Ümmü Gülsüm'ün doğuşu
Mısır'da ulus kimliğinin inşasında sanat ve edebiyat çok etkin bir rol oynadı. Bu inşa sürecinde müzik başlı başına en büyük aktördü. Ortadoğu'daki Arap halklarının milli kimliğe sarılmasındaki en önemli aracın müzik olduğunu gördük. Özellikle Ortadoğu'da modernleşmenin ve ulus kimliğinin inşasında ilk aktör olarak ortaya çıkan Mısır'da icra edilen müzik, gelenekselin ve modernitenin çatışması arasında şekillendi.
Mısır'da modernleşme, muhafazakâr çevresi sayesinde küçüklüğünde hafızlık eğitimi alarak sesini geliştiren ve çok güçlü bir yorumu olan Ümmü Gülsüm ile birlikte hızlı bir gelişim gösterdi. Aynı şekilde Lübnan başta olmak üzere tüm Ortadoğu'yu etkileyen Feyruz da Arap halkları için bir diğer önemli kadın figürü olarak karşımıza çıktı. Ümmü Gülsüm ve Feyruz icra ettikleri müzik sayesinde Batı'nın "Doğulu kadın" portresini değiştirdi.
1898 yılında Mısır'ın bir köyünde doğan Ümmü Gülsüm, 1920'lerin Kahire'sindeki plak endüstrisi tarafından keşfedilince bambaşka bir yöne doğru evrildi. Küçük yaşlarda aldığı hafızlık eğitimi sayesinde söylediği dini şarkılar, Ümmü Gülsüm'ün müzik kariyerinde çok etkili oldu. Bu sayede muhafazakâr toplumsal yapı bünyesinde bir kadın şarkıcı olarak yükselen Ümmü Gülsüm, yaptığı işin İslam'ın kaynaklarıyla çatışır nitelikte
olmadığına yönelik bir koruma kalkanına da sahip oldu.
1930'larda Mısır'da harekete geçen milliyetçilik giderek daha geniş bir taban elde etmeye başladı ve "Mısır Mısırlılarındır" sloganı hem politika hem de sanat zemininde yeşermeye başladı. Böylesi kaotik bir toplumsal yapıda müziğini icra eden Ümmü Gülsüm, 1934'ten 1973'e kadar verdiği konserlerle Ortadoğu coğrafyasında çok önemli bir kadın yıldız haline geldi.

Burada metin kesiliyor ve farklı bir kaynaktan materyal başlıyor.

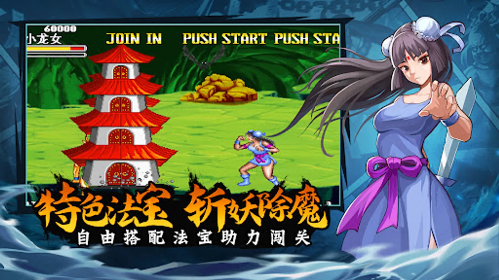 "Journey to the West" is a side-scrolling action game. The game restores the characteristic elements of characters, scenes and battles in the arcade version. At the same time, it adds the interesting gameplay of the five elements. Players can match different hero combinations through attributes. To challenge the corresponding copy. At the same time, the five-element defense mechanism in the game emphasizes the relationship between different attributes, allowing players to be more strategic in battle.

Ümmü Gülsüm'ün müziğinde bir ulus ideali
Ortak bir ulus ideali, Arap halkları için yüzyıllık bir hayali süslerken Ümmü Gülsüm'ün müziğinde de kendine yer edindi. Sinema filmlerinde de oynayan Ümmü Gülsüm, 1936'da ikinci filmi olan Neşîdu'l-Emel (Umudun Şarkısı) adlı dramada söylediği bir şarkıda gençlerden ülkeleri adına ayağa kalkmalarını istedi. Bu film, İngiltere'den bağımsızlık talebiyle gösterilerin düzenlendiği dönemde öğrenciler arasında oldukça popüler oldu. "Halkın Marşı" adlı şarkısında bağımsızlık çağrısı şöyle dile getirildi: Nerede o günler ey silahım/ Seni çok özledim ey kavgam/Ya kelepçelerle buluşur ya ölürüz/ Ey kavgam, nerde o zafer günü? - Hür Mısır koruyacaktır sizi / Silahlarımızla koruyacağız sizi/ Kim fedakârlık yapmaz "devrimin yeryüzüne?"/Ruhlarımız fedadır ona
Ümmü Gülsüm'ün yabancı karşıtlığı, Ortadoğu toplumunda inşa ettiği figürü toplumsal taleplerin de temsilcisi haline getirdi. Mısırlı siyasetçi ve aristokratların eğlencelerinde ve evlerindeki toplantılarda şarkılar söyleyen Ümmü Gülsüm, seçkin tabakada sevilen ve saygı gösterilen biri haline geldi. Bu da onun toplumdaki rolünün ciddiyetini artırdı. Bu durum, onu Mısır'ın en önemli Pan-Arabizm fikrinin liderlerinden biri olan Cemal Abdülnasır ile dostluğunun temelini oluşturdu.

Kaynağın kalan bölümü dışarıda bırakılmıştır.